Record config fields:

| Field | Type | Required | Description | |---|---|---|---| | system | string | No | System prompt | | user | string | Yes | User message | | tools | ToolDefinition[] | Yes | Tools with JSON Schema parameters | | stubs | Record<name, result> | No | Tool responses during recording (default: { ok: true }) | | scenario | string | No | Label written to the trace file | | model | string | No | Model name (default: gpt-4o-mini) | | baseURL | string | No | API base URL (default: OpenAI) | | apiKey | string | No | Falls back to OPENAI_API_KEY env var | | maxSteps | number | No | Max tool-calling rounds (default: 16) | | httpFetch | typeof fetch | No | API only — passed to recordTrace() to override global fetch (tests, proxies).

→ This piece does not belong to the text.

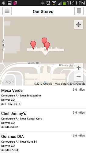 * Denver International Airport (DIA) restaurant locations including Quizno’s, Mesa Verde Bar and Grill and Chef Jimmy’s Bistro and Spirits.
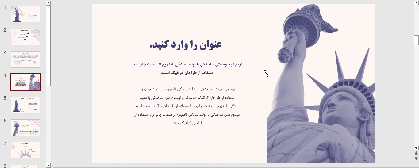 نمونه ای از اسلاید های قالب پاورپوینت رایگان مجسمه آزادی

Not supported in record.config.json. |


Examples

All examples run with npm run build first (uses dist/):

npm run build && npm run example:all

| Example | Scenario | Key concept | |---|---|---| | minimal | Refund agent | Basic record → replay | | email-router | Route emails by category + priority | Multi-step routing | | financial-transfer | Balance → limit → transfer | High-stakes sequencing + regression demo | | rag-validation | Search → rerank → cite | subsequence mode for flexible pipelines | | ticket-escalation | VIP customer 4-step escalation | Long tool chains |

Run individually:

npm run example:email-router
npm run example:financial-transfer   # includes intentional regression demo
npm run example:rag-validation
npm run example:ticket-escalation

Framework Adapters

Agent VCR works with your existing LLM SDK. Import the adapter for your framework — no peer dependency added to Agent VCR itself.

OpenAI SDK

import OpenAI from 'openai'
import { collectToolCalls, compareTraces, loadTraceFile } from 'agent-vcr'
import { fromOpenAI } from 'agent-vcr/adapters/openai'

const client = new OpenAI()
const llm = fromOpenAI(client, 'gpt-4o-mini', {
  tools: [/* your OpenAI tool definitions */],
})

const recorded = await collectToolCalls({
  user: 'Refund order 123',
  llm,
  executeTool: async (name, args) => myDispatch(name, args),
})

Anthropic SDK

import Anthropic from '@anthropic-ai/sdk'
import { collectToolCalls } from 'agent-vcr'
import { fromAnthropic } from 'agent-vcr/adapters/anthropic'

const client = new Anthropic()
const llm = fromAnthropic(client, 'claude-3-5-sonnet-20241022', {
  tools: [
    {
      name: 'lookup_order',
      description: 'Look up an order by ID',
      input_schema: { type: 'object', properties: { orderId: { type: 'string' } }, required: ['orderId'] },
    },
  ],
})

Vercel AI SDK

import { openai } from '@ai-sdk/openai'
import { collectToolCalls } from 'agent-vcr'
import { fromVercelAI } from 'agent-vcr/adapters/vercel-ai'
import { z } from 'zod'

const llm = fromVercelAI(openai('gpt-4o-mini'), {
  tools: {
    lookup_order: {
      description: 'Look up an order by ID',
      parameters: z.object({ orderId: z.string() }),
    },
  },
})

LangChain.js

import { ChatOpenAI } from '@langchain/openai'
import { collectToolCalls } from 'agent-vcr'
import { fromLangChain } from 'agent-vcr/adapters/langchain'

const chat = new ChatOpenAI({ model: 'gpt-4o-mini' })
const llm = fromLangChain(chat.bindTools([lookupOrderTool, refundOrderTool]))

Any OpenAI-compatible API

# Groq
agent-vcr record --config cfg.json --base-url https://api.groq.com/openai/v1 --model llama-3.3-70b-versatile

# Ollama (local)
agent-vcr record --config cfg.json --base-url http://localhost:11434/v1 --model llama3.2

How It Works

  ┌─────────────────────────────────────────────────────────────────┐
  │  RECORD (once, with real LLM)          REPLAY (CI, no live LLM)  │
  │                                                                 │
  │  User ──► Real LLM ──► tool_calls      User ──► ScriptedLlm   │
  │              │                                      │           │
  │        Real APIs                            executeTool stubs  │
  │              │                                      │           │
  │         save to                          compare to            │
  │   traces/*.expected.json  ◄────────────  traces/*.expected.json│
  │         (git commit)                      fail build on drift  │
  └─────────────────────────────────────────────────────────────────┘

What ScriptedLlm validates: Given these model decisions (scripted), your code still dispatches the right tools with the right arguments.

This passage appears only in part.